> _INSTRUCTIONS TO FOLLOW_
For this exercise, retype each line of the material below verbatim and omit any picture.
****************
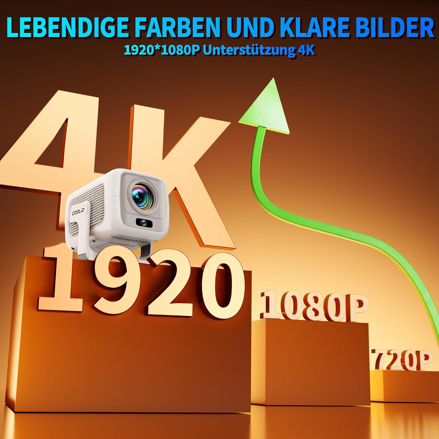 4K проектор Full HD 1080P, мини проектор с WiFi 6 и Bluetooth 5.4, видео проектор с поддръжка за автоматично фокусиране и трапецовидна корекция, с HDMI кабел и дистанционно управление, бял
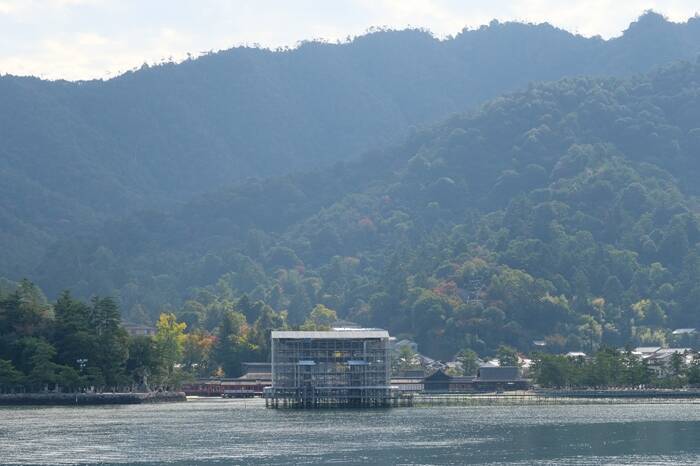 宮島のシンボルである大鳥居が見られないとなると、大鳥居以外の宮島の魅力が心に入り込んでくるから不思議です。穏やかな波の上を行き交う船や、海上に浮かぶように建てられた朱色の社殿を眺めていると、心がふっとほどけていくような感覚に包まれました。
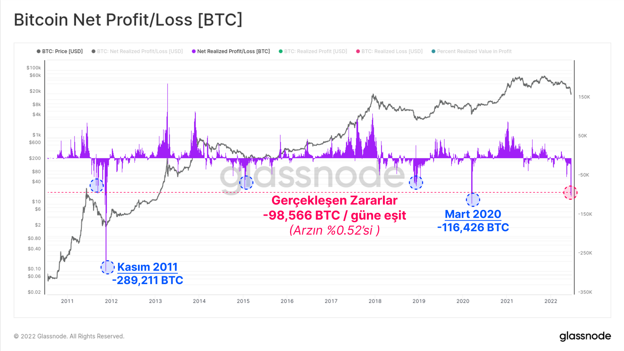 Net Gerçekleşen Kâr/Zararı, piyasa büyüklüğü için etkin bir şekilde normalleştiren BTC birimleri cinsinden ölçerken, mevcut düşüş, günlük -98.566 BTC'ye (dolaşımdaki arzın %0.52'si) eşdeğer Gerçekleşen Zararlar kaydediyor. 2011 ayı piyasasında ve Mart 2020'de bulunan, daha büyük kaydedilen Gerçekleşen Zararlarla yalnızca iki kayıtlı işlem günü olmuştur.
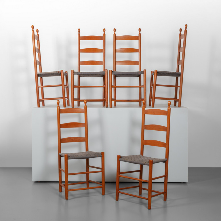 Legno di ciliegio sedute in cinghie di canapa intrecciata.
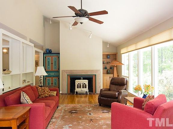 Updated Morgan Creek home has it all! 1 acre lot of lush gardens & tall trees, this mid-century classic home features redone kitchen & baths, & a walk-out lower level family room. Enjoy the garden view from deck or oversized screen porch w/ beadboard cathedral ceiling. Living room with wall of windows & wood stove. The renovated kitchen enjoys shaker-style cabinetry, stainless appliances, granite tops, tile splash & floor, & more! Cozy breakfast banquette for your am java. Sophisticated. Stylish.
****************
> _THE COMPLETED TASK_
 4K проектор Full HD 1080P, мини проектор с WiFi 6 и Bluetooth 5.4, видео проектор с поддръжка за автоматично фокусиране и трапецовидна корекция, с HDMI кабел и дистанционно управление, бял
 宮島のシンボルである大鳥居が見られないとなると、大鳥居以外の宮島の魅力が心に入り込んでくるから不思議です。穏やかな波の上を行き交う船や、海上に浮かぶように建てられた朱色の社殿を眺めていると、心がふっとほどけていくような感覚に包まれました。
 Net Gerçekleşen Kâr/Zararı, piyasa büyüklüğü için etkin bir şekilde normalleştiren BTC birimleri cinsinden ölçerken, mevcut düşüş, günlük -98.566 BTC'ye (dolaşımdaki arzın %0.52'si) eşdeğer Gerçekleşen Zararlar kaydediyor. 2011 ayı piyasasında ve Mart 2020'de bulunan, daha büyük kaydedilen Gerçekleşen Zararlarla yalnızca iki kayıtlı işlem günü olmuştur.
 Legno di ciliegio sedute in cinghie di canapa intrecciata.
 Updated Morgan Creek home has it all! 1 acre lot of lush gardens & tall trees, this mid-century classic home features redone kitchen & baths, & a walk-out lower level family room. Enjoy the garden view from deck or oversized screen porch w/ beadboard cathedral ceiling. Living room with wall of windows & wood stove. The renovated kitchen enjoys shaker-style cabinetry, stainless appliances, granite tops, tile splash & floor, & more! Cozy breakfast banquette for your am java. Sophisticated. Stylish.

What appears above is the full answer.